Все притихли. Сестра уставилась на неё, как на полную идиотку. Лидия продолжала возиться с посудой, думая о том, как всё неожиданно перестроилось: баба, которую она притащила из прошлого теперь ей никто, ну разве что мимолётная любовница деда, а эта, что стоит около неё и вдувает в уши чьи-то жизненные уроки – родная сестра, и в данный момент она её ненавидела. Только сейчас она начала понимать, что весь сыр-бор произошёл не по вине матери и не по вине Зоюшки, или Лильки-сестры, или Стаса, это она сама во всём виновата: жили они, жили, и жили бы себе спокойно дальше, если б Лидию не приспичило пошарить в прошлом. Это ей вздумалось заглянуть за печку, под лавку, в сундуки того несуществующего дома, настолько призрачного, что он до сих пор вызывал сомнение – не приснился ли он. В него она шастала чаще, чем появлялась на работе и теперь сожалела об этом.

Дубанова разглядывала каждый элемент накрытого стола, как музейный экспонат: он был заставлен весь, несмотря на приличные размеры столешницы. Гости также приехали с контейнерами, в которых лежало непонятное – из них торчали хвосты креветок, разноцветное канапе с маслинами и излюбленные Лилькины рулеты из баклажанов. Шашлык пока не подали, только втягивали носами тянущийся по ветру аромат подрумяненного мяса. Стас разлил алкоголь, пропустив Зоюшкин стакан.

– А даме налить? – возмутился Антон. Хозяин в ответ уставился в стопоре. – Дай-ка сюда! Неправильно ты наливаешь – вроде орёл в математике, а стаканы считать не научился.

– Дама в отличии от вас непьющая, – самодовольно вставила Анна Викторовна. Лилька ревностно следила, как её муж ухаживает за застенчивой молодухой, наполняя её стакан.

– Немножко можно. – Закрутил он бутылку. – Ну что, давайте за Первомай!

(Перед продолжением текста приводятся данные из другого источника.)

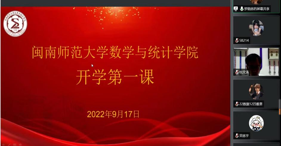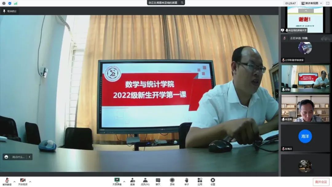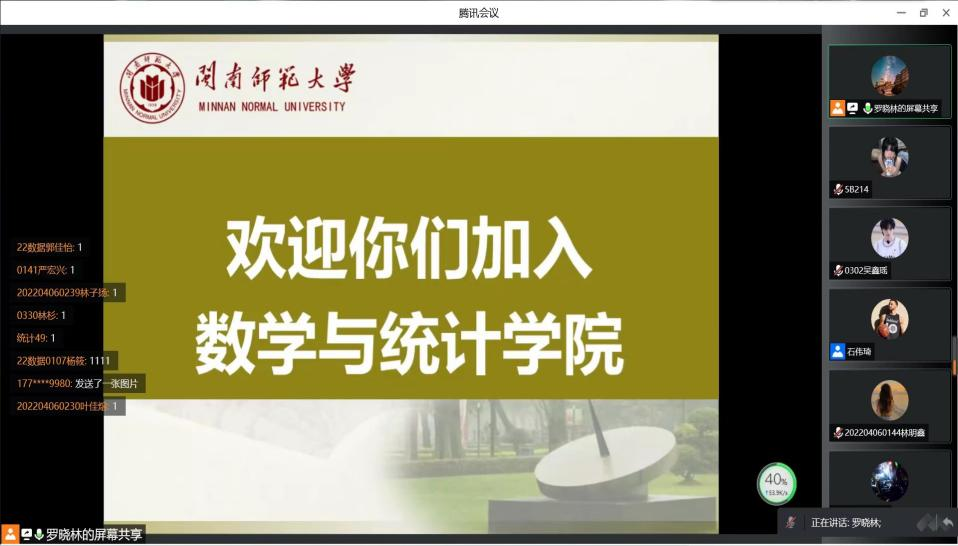 首先,党委副书记胡海智老师对2022级新同学的到来表示热烈的欢迎,希望同学们自觉肩负使命,响应时代号召,牢记习近平总书记的嘱托,争做复兴栋梁,勇当强国先锋。其次,校友包文涛主讲“万物皆数,花时可期——浅谈大学数学学习生活的规划与思考”、郑涛主讲“稳扎稳打,步步为营,走好大学生涯每一步”。再次,李凯铃分享她的大学学习生活,为2022级新生树立了良好的榜样,引导其正确规划大学生活 ,明确奋斗目标,将自己的理想与祖国的前途紧紧相连。
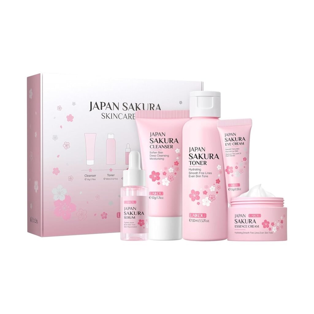 LAIKOU Skin Care Set JAPAN SAKURA Women Beauty Gift Sets Skin Care Kit with Cleanser, Toner, Serum, Eye Cream, Face Cream Travel Kit for Women Teen Girls Mom Daughter Birthday TSA-friendly Sizes 5pcs
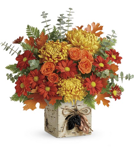 Celebrate fall's wild beauty with this rich autumnal bouquet! Presented in a rustic cube vase with unique birch tree finish, it's adorned with twine and stamped metal leaf charms, a true gift of the season! Approx. 16 W x 15 H
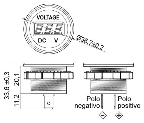 Voltmetro digitale 12-28VDisplay a LED di colore RossoFissabile a pannello** Caratteristiche Generali **Grado Protezione: IP54** Caratteristiche Elettriche **Tensione d'ingresso: 12‑24Vdc** Caratteristiche Meccaniche **Dimensioni (LxWxH): 36.7 x 36.7 x 33.6mmMateriale contenitore: PlasticoColore: NeroConnessioni: faston 6,3** Caratteristiche Termiche **Temperatura di lavoro: -10/40°C
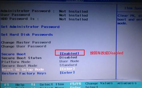 1、開機(jī)一直按F2或(FN+F2)進(jìn)入BIOS,按→方向鍵切換到Security,選擇Secure Boot回車設(shè)置成Disabled;
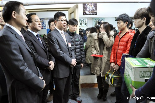 在北京晨怡多民族艺术团租住地----居民小区简陋的地下室,蓝会长一行听取了艺术团的情况介绍后,同部分演员亲切交谈,蓝会长详细询问、了解了艺术团演员的生活和节目排练、演出情况等有关情况,并代表必威betway中文网页向艺术团赠送了慰问金及慰问物品。
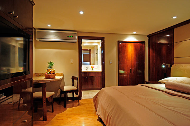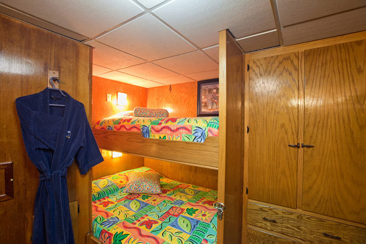 8 med enkeltkøje/dobbeltkøje, 2 med enkeltsenge, 1 suite med dobbeltseng med minibar og tv. Alle har også eget bad/toilet.

Все выпили, Зоюшка опустошила свои несколько капель профессионально – одним глотком, потянулась к закуске, кокетничая отдёрнула руку от контейнера с креветками, назвав их «рдяны́ми насекомыми», – Лилька усмехнулась, завуалированно прокомментировав, что не встречала ещё людей, ни разу в жизни не видевших банальных креветок. Несмотря на периодические насмешки с её стороны, Зоюшка пыталась быть навеселе, чем притягивала к себе внимание: мужчины подливали и подкладывали, престарелая дочь заботливо укутывала ей спину в плед.

– Что-то мне нехорошо, – шепнула она хозяйке, болезненно привалившись к деревянной опоре. – Словно кости хрустят, будто кровь в жилах стынет, в глазах картинки всякие туда-сюда…

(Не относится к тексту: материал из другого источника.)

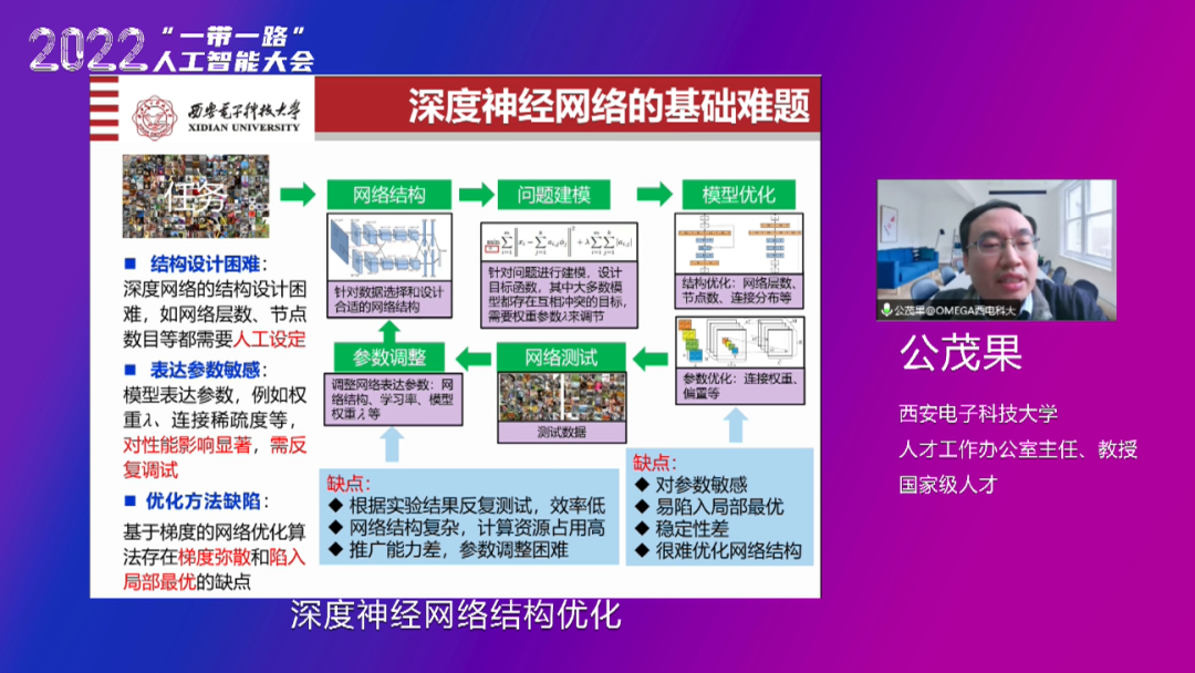 国家级人才、beat365中文官方网站公茂果教授的报告介绍了团队近期在解决深度神经网络结构优化难题上的一些思路和尝试,以及在深度神经网络应用上的一些新进展。公茂果教授的报告从四个方面展开,第一,深度神经网络的优势和困难。深度神经网络的优势包括:深层结构,复杂建模,特征学习,自主分析,推广性强,应用广泛。深度神经网络的困难包括:结构设计困难、表达参数敏感和优化方法缺陷。第二,深度神经网络结构优化初探。具体分为以下五个方面:1.避免表达参数。2.超越梯度优化。团队提出的自然梯度优化结合了华为昇腾AI计算芯片中使用的达芬奇架构,可以批量化的计算小矩阵的逆,能够进一步提升计算效率。3.神经网络压缩。团队提出了网络流数据分类的神经网络压缩方法,将生成对抗训练和知识蒸馏相结合,并对网络重要性因子进行稀疏约束,达到网络裁剪目的,得到压缩率与准确率的平衡。4.隐私保护学习。针对数据分散且无法集中收集或共享的问题,团队提出了多方对偶学习,通过对偶预测补全缺失数据,保持原有数据结构不变,重叠验证扩充训练数据。此框架同时保护了数据隐私性和计算安全性。5.训练样本学习。团队提出了SPL模型和MOSPL模型,通过协同训练产生预测概率对节点进行排序,采用自步学习逐步将节点加入到训练集中,一方面将高置信度的伪标签扩充至训练集,另一方面减轻难以分类的节点对模型训练产生的扰动。第三,遥感影像变化检测应用探索。公茂果教授从遥感影像变化检测、多类变化检测、超像素变化检测、多视角变化检测、特定目标变化检测以及高光谱影像变化检测等多个方面进行了应用探索。最后,公茂果教授对深度神经网络结构优化的未来发展方向进行了展望。
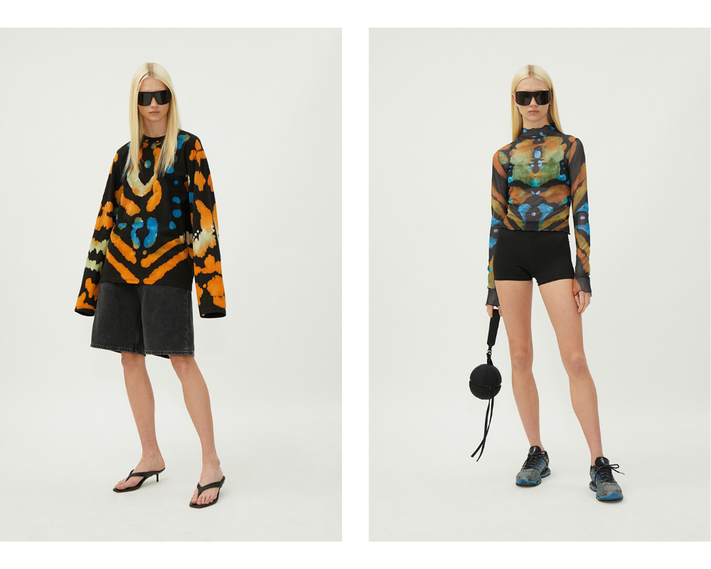 Tra quelli solo da donna troviamo un bikini con stampa tie dye e alcune maglie a manica lunga in tessuto semi-trasparente.

– Не надо было пить, – недовольно ответила Лидия. – Что ты потянулась к этому стакану? А потом лечи тебя… у наркологов…

– А может нам прогуляться, подвигаться, походить? – обратилась Зоюшка ко всем присутствующим. – Засиделись поди…

– Правильно! – Услышал Антон и отреагировал: – Давайте на речку сходим, а? Можно с собой прихватить подстилку, еду, стаканы. Там сядем, посидим, воздухом речным подышим… Когда мы в последний раз так сидели? – Поднялось коллективное обсуждение. – Ага! На твой день рожденья, Стас! Лет семь… ага, семь лет, как мы на речке не сидели… Только купаться на машинах приезжали оперативно и всё.

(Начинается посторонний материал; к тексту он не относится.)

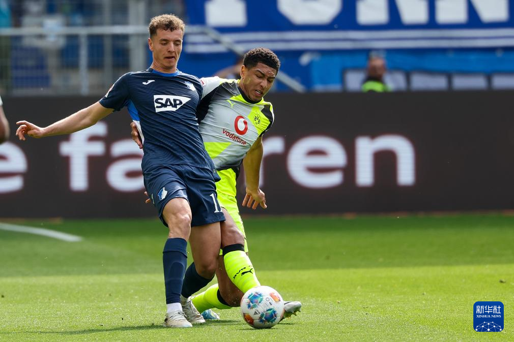 4月18日,霍芬海姆队球员阿斯拉尼(左)和多特蒙德队球员乔布·贝林厄姆在比赛中拼抢。

Лидии эта идея не понравилась, ногости, истосковавшиеся по вылазкам на природу, настаивали, и компания начала паковать с собой закуски. Анна Викторовна в такую даль идти не решилась – возраст не тот, она уверила остальных, что займётся пока грязной посудой, потом отдохнёт на диване, посмотрит концерт, а вы гуляйте себе на здоровье.

Первой за ворота с гомоном вывалилась гостящая пара, одетая, как двойняшки, позвякивая на ходу бутылками в пакетах, за ними, пытаясь не отставать, семенила Зоюшка. Хозяева закрыли калитку на ключ и направились следом. Лидию в душе взбесила наблюдающая за ними с порога дома, что напротив, соседкина голова, выглядывающая из-за забора. Ей захотелось провалиться сквозь землю, когда она заметила, что соседка сверлит взглядом бегущую за парой незнакомку. На Зоюшку так же обернулась прохожая. Все будто догадывались, мнилось Лидии, что с этой девицей не всё в порядке, того и гляди на неё начнут массово показывать пальцем, вычислят её искусственное появление в этом мире, и тогда им со Стасом придёт конец.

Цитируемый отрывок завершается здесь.